А быть может, кому-то это было нужно — подбрасывать в адскую печку новые и новые поленья, разжигая подозрительность, ослабевшую было, когда шла война, сплотившая народ в невиданном единстве и не позволявшая развиваться этим жутким свойствам натуры?
Быть может…
А мы продолжали работать и жить недавним восторгом Великой Победы, под мирным синим небом, отбрасывая дурные предчувствия, и трудились, и шутили, и смеялись, и собирались дружными шумными компаниями, и ездили в отпуск купаться в Крым и на Кавказ, и ходили в театры, и смотрели фильмы, и читали книги, и слушали концерты, и наслаждались просто общениями, без которых жизнь невозможна и скудна…
Таково уж было наше поколение, — не сломить, не поколебать веру в то, что дали давние, ленинские годы…
ПРОГНОЗ И ПРЕДВИДЕНИЕ надвигающихся новых апокалипсических времен, сделанные Борисом Ильичом, подтвердились его собственной судьбой.
Ни у нас, ни у него на все это фантазии недостало.
В начале пятьдесят второго года Збарский был арестован.
Зачем? За что? Как решились снять со священного поста часового?
За месяц до ареста Борис Ильич заболел.
Ночью — внезапный острый приступ холецистита. Воспаление желчного пузыря.

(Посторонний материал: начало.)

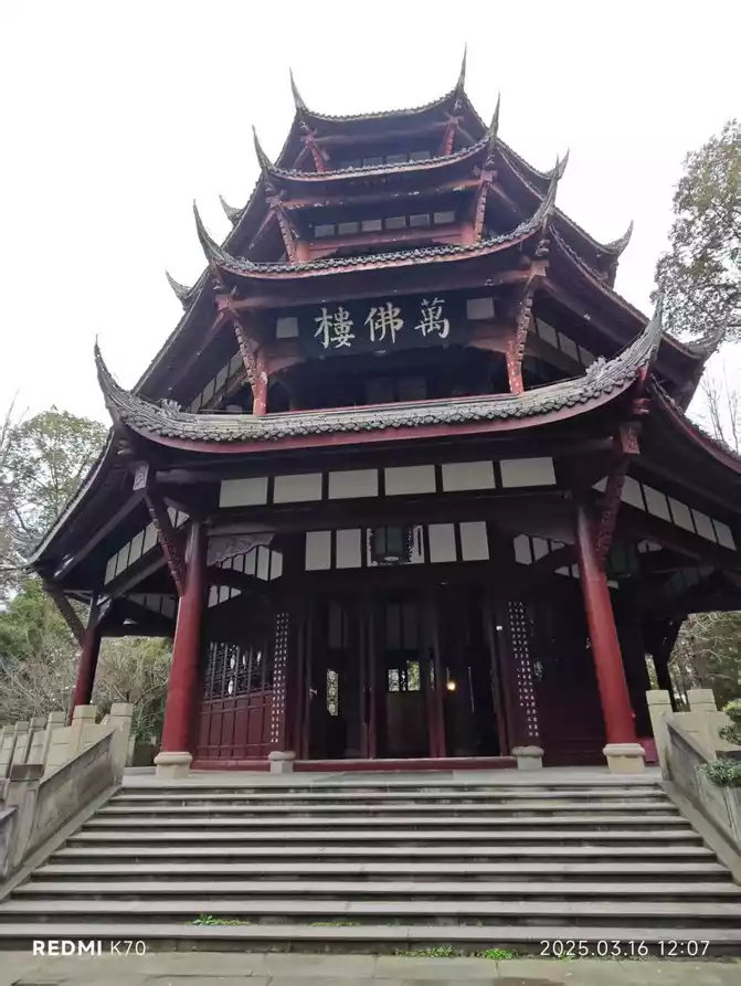 The "Ten Thousand Buddha Tower" in Du Fu's thatched cottage is supported by 24 pillars, and the four-story tower stands in the nanmu forest to the east of the thatched cottage, which was rebuilt on the original site in 2005. It has restored the style of Chengdu, a famous historical and cultural city, with "Chongli Pavilion in the east and Ten Thousand Buddha Towers in the west".

Уже в девять утра он на операционном столе у А. Н. Бакулева, знаменитого хирурга, собрата Бориса Ильича по академии.
Операция проходит блестяще. Через неделю его, по настоятельной просьбе, транспортируют домой. Состояние удовлетворительное.
Каждое утро начиналось с того, что мы звонили и спрашивали:
— Как здоровье Бориса Ильича?
Евгения Борисовна отвечала односложно:
— Слабость.
Однажды, когда мы позвонили как обычно, Евгения Борисовна на наш вопрос молча повесила трубку.
Решили — нас разъединили. Позвонили снова. Трубка снова была брошена.
Что это могло означать? Неужели — смерть?